NCT number NCT05681455
Other study ID # 22/32
Secondary ID
Status Recruiting
Phase N/A
First received
Last updated
Start date June 15, 2023
Est. completion date July 30, 2023

Study information

Verified date June 2023
Source Universidad Rey Juan Carlos
Contact n/a
Is FDA regulated No
Health authority
Study type Interventional

Clinical Trial Summary

Objectives: To evaluate pressure pain thresholds, fatigue scales, quality of life and sleep quality, in women with Persistent Covid (PC), pre- and post-treatment using electrotherapy and in a placebo group of PC patients. Relevance: This trial can be a tool for patients affected by CP who present pain and fatigue problems, insomnia or signs of imbalance of their Autonomic Nervous System. It aims to improve their rest and recovery for a better quality of life that allows them to recover their Activities of Daily Living. We have designed the study with a commitment to placebo group treatment after completion, if positive results are obtained. A 6-month and 1-year follow-up will be scheduled. Secondary objectives: To analyze the effects on quality of life, fatigue and sleep. To analyze the presence of cardiac variability and pre- and post-treatment cortisol values. Patients and Methods: 12 patients with CP will receive 15 sessions of electrotherapy. 12 will receive a placebo. Mechanical sensitivity pre-post, by means of an algometer, cardiac variability, cortisol levels, and other variables, will be measured by means of questionnaires. Mechanical sensitivity to pain will be measured using an algometer (Baseline 12-0300 MMT). Patients will be instructed to report when the sensation of pressure changes to pain. The pre-post electrotherapy treatment described above will be measured, the differences in mechanical sensitivity, pain threshold to pressure, the Pittsburg questionnaires, SF-36, MFIS and EQooL-5. Follow-up will be done at 6 months and at one year. The study design is a triple-blind randomized controlled clinical trial. Patients who sign the consent form will be evaluated by an internist who will perform a physical examination at the clinic of the Faculty of Nursing and Physiotherapy of the Pontifical University of Salamanca (UPSA). The sample will be randomized. 12 patients will receive treatment and 12 patients will receive a placebo.
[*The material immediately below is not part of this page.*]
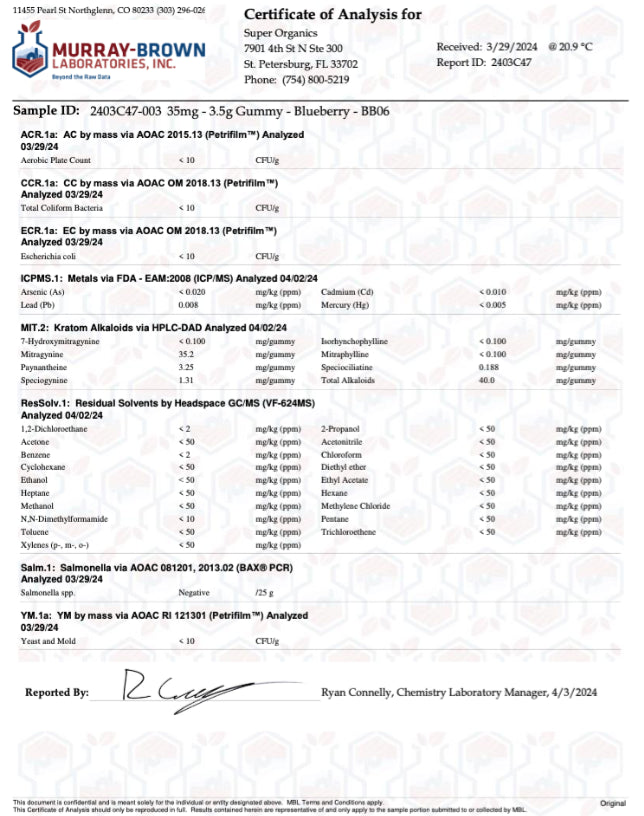 - 35mg of mitragynine per gummy – equivalent to 2.33 grams of kratom powder at a 1.5% mitragynine level.

With a commitment to treat these patients in the event that positive results are obtained after the end of the study. A biphasic microcurrent will be applied with a frequency between 1.14 Hertz and 14.29 Hertz and intensities between 0.1 and 0.9 mA. Frequency: 2 times a week. A total of 15 sessions in 7.5 weeks. The session time with microcurrents will last 60 minutes. .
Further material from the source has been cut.